## Exercise details
Using the material that follows, output exactly the lines from the one containing "我校学生、第44届世界技能大" through the one containing "En lustig tecknad", with both ends kept.

## Records for the exercise
________________
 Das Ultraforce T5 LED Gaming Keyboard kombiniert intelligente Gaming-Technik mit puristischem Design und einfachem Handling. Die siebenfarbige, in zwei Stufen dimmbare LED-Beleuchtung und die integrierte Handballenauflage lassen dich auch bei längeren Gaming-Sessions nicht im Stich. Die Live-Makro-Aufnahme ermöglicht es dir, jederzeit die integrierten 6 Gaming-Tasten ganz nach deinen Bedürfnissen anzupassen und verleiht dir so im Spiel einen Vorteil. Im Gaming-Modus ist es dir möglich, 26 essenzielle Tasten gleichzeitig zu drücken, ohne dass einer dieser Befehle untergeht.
________________
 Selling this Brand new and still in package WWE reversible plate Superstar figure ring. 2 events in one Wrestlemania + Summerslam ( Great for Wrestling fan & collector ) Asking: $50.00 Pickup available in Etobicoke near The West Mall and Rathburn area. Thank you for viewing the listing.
________________
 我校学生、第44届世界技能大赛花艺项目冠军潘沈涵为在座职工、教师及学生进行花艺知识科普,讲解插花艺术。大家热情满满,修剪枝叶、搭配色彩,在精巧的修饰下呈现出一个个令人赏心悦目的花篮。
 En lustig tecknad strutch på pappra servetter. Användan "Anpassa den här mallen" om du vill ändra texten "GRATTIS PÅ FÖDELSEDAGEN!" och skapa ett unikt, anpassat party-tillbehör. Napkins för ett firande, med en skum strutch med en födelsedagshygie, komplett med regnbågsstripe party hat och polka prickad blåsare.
________________
## Written answer
 我校学生、第44届世界技能大赛花艺项目冠军潘沈涵为在座职工、教师及学生进行花艺知识科普,讲解插花艺术。大家热情满满,修剪枝叶、搭配色彩,在精巧的修饰下呈现出一个个令人赏心悦目的花篮。
 En lustig tecknad strutch på pappra servetter. Användan "Anpassa den här mallen" om du vill ändra texten "GRATTIS PÅ FÖDELSEDAGEN!" och skapa ett unikt, anpassat party-tillbehör. Napkins för ett firande, med en skum strutch med en födelsedagshygie, komplett med regnbågsstripe party hat och polka prickad blåsare.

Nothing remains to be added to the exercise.